A month or so back, I attended a book reading put together by Kevin Smokler for his edited work, Bookmark Now: Writing in Unreaderly Times. At the end of the event, he asks the audience to tell him about a book that changed your life.

I thought for a moment, but not much more than a moment. Don Norman’s The Design of Everyday Things emerged in my head as the obvious choice.

The year was 1994. I was one year out of getting my B.A. in anthropology at Cal. In June, I moved from San Francisco to New York to intern at The Voyager Company, a multimedia CD-ROM publisher. Voyager was expanding pretty rapidly. “Multimedia” was to 1994-95 what “.com” would be to 1998-99.

I was brought in to work on a series of CD-ROMs called Our Secret Century, a curated selection of films from the Prelinger Archives (much of which can be viewed at The Internet Archive). However, shortly after I began, that project was shelved.

There were CD-ROMs in production needing to get out the door, and so I was put on Quality Assurance duty. The first title I worked on was “First Person: Donald Norman – Defending Human Attributes in the Age of the Machine.” I had never heard of Don before. The CD-ROM consisted of the full text of his three books up to that point (The Design of the Everyday Things, Turn Signals are the Facial Expressions of Automobiles, and Things That Make Us Smart, all listed here), annotated with animations and videos of Don that further explained the concepts in the books. My job was to go, page by page, and click around, and make sure everything worked.

This is an odd way to read a book, but it also meant that I engaged with the text to a level of depth I probably wouldn’t otherwise. And, as has happened with so many other people, when he criticizes thoughtless door design, or the lack of mapping between the controls of a stove and the burners themselves, I had that “Aha!” moment. And as I continued reading about conceptual models, system images, recognition versus recall, affordances (affordances! and in the CD-ROM, there’s a little video of Don describing affordances using a book, talking about how a book, among other things, affords scratching), the power of forcing functions, the photo of beer keg handles used to distinguish controls in a nuclear power plant.

Don’s book opened my eyes to a field I had never heard of.
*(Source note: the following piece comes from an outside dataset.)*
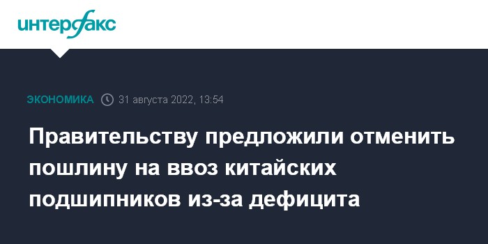Правительству предложили отменить пошлину на ввоз китайских подшипников из-за дефицита

With this book, he essentially brought the notion of “user-centered design” to a wide audience. (He had earlier worked on “User-Centered System Design,” but that was pretty much strictly for academics.) And though it would be a few years before I practiced user-centered design, it was this book that set me on that path.


The Voyager Company, after disappearing in 2002, has re-emerged as a website, where, it looks like, Bob is selling whatever was left in the warehouse in Irvington. While the catalog contains copies of the other First Person titles (Marvin Minsky, Stephen Jay Gould, and Mumia Abu-Jamal), there are no copies of the Don Norman CD-ROM. Nor can I find one anywhere on the Web. If you have a copy, and would be willing to either sell it or copy it, I would much appreciate it. Thanks.

  1. Hi Peter,

    I’m reading your blog for a while now and I thank you for your insightful postings!

    Don’s book has been an eye opener for me as well in 1998 where (as a Business Ph.d. student) I wanted to demonstarate that it’s worth it for a company to invest in the usability of digital meadia as well.

    Interestingly the book got its final kick in the community ever since it has been re-named from “The Psychology of Everyday Things” (this has been placed in the “Pychology rack in the bookstores) to “The Design of Everyday Things” (consequently being moved to the Design books in the stores).

    At least for Don Norman design did pay-off 😉

    Have a nice day,
    Ralf Beuker, Germany.

  2. My answer would have been the same. I learned to usability test, ran my first big test and picked this off the bookshelf from the usability team.

    Talk about a paradigm shift. I have not thought about things the same since. I have re-read the book twice and still pull it out as a reference whenever I’m teaching the basics of mental models, error etc. I also recommended it as the first book for the online IA reading group.

    I have had another paradigm shift recently, reading The Paradox of Choice, Flow and A Whole New Mind almost simultaneously. This has really changed the way I think about consumerism, our need to have so much stuff, what makes us happy and where we are headed.

  3. I too was introduced to Norman through the CD-ROM. I was working in Chicago as a tech writer. Having recently bought a Performa 6400 VEE (a step up from the Performa 600, which was a step up from the Macintosh Classic), I saw the CD-ROM in the Borders down the street and bought it. The rest is, for me, also history. It’s why I moved out of tech writing and into more UX stuff.
    Sadly, the CD-ROM runs only in OS 9–and I think you have to boot into the OS. I’ll check.